The Great Urban Farming Movement

I don’t know about where you live, but the urban farming movement is alive and well in Spokane. My neighbors have a herd of rampant chickens in their backyard. When we first moved to this house it was like, “Oh cool. Look! Chickens!” and has kinda turned more into, “Oh look. There’s a chicken in (insert road, our yard, someone elses yard, on someone’s car, etc)” with a lot less enthusiasm.
Though I don’t, and likely never will have chickens of my own, I’ve learned a few things here and been forced to think about things a little differently from the whole experience. Such as:
 Why did the Chicken Cross the Road? Because it damn well wanted to…and then it didn’t…and then it did…so it just stood there…
 
We’ve been watching the evolution of our neighbors’ chicken confinement project for about five years now. We’ve seen fences and chicken houses. And fences around chicken houses. (I know it’s called a coup, but chicken house is funnier) Yet still, when the weather is nice and the feeling is just right, they fly the chicken house…ok, coup works better here, they fly the chicken coup and take off for who knows where. They don’t. So they stand in the road until they are retrieved.

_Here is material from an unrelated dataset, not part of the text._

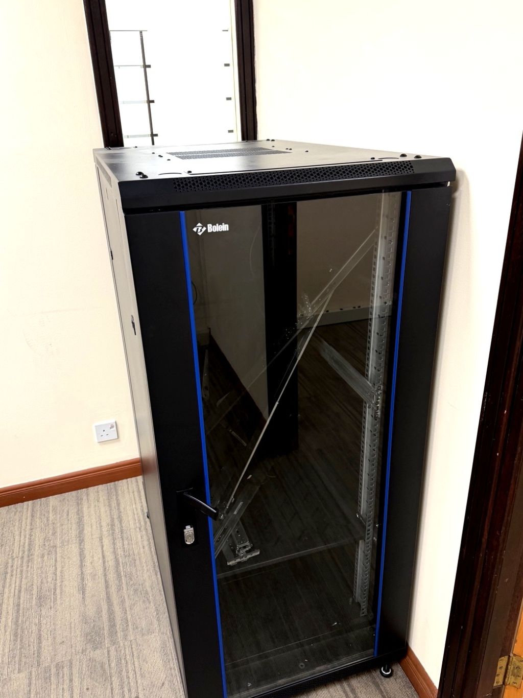راك سيرفر 32U بحالة ممتازة للبيع الوصف راك سيرفر (Server Rack Cabinet) بحالة ممتازة جدا، استخدام خفيف ونظيف. المواصفات الارتفاع حوالي 32U - الأبعاد 100 سم عمق × 60 سم عرض × 140 سم ارتفاع - باب أمامي زجاجي - باب خلفي معدني - مزود بعجلات لسهولة الحركة - نظام تهوية جيد - مناسب للسيرفرات، اجهزة الشبكات، DVR / NVR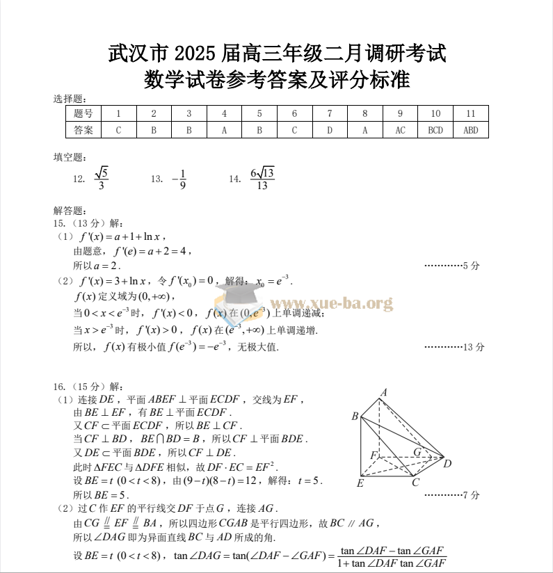 【独家】【湖北卷】【调考合辑汇编】【2026届高三必刷】2020~2025武汉调考试卷调考合辑答案册(72页).pdf

Chickens don’t lay eggs forever
I guess I’d never really thought about it. They live well passed the timeframe in their lives where they lay them. Most people apparently don’t think about this and wind up with unproductive chickens…which are really just pets at that point.
Tell you what though, I’d totally have a pet chicken if it danced like that.
I don’t have the gumption for egg collecting
While many love the idea of going out every day to collect their fresh eggs, I find myself a bit uneasy about it. The idea of walking up to a chicken like, “Yo. I’m gonna just reach under here and take your unborn child and have it for breakfast with some toast…”
Nope. Can’t do it. I just can’t.
Anyone have any experience with this? I’d love to hear your stories!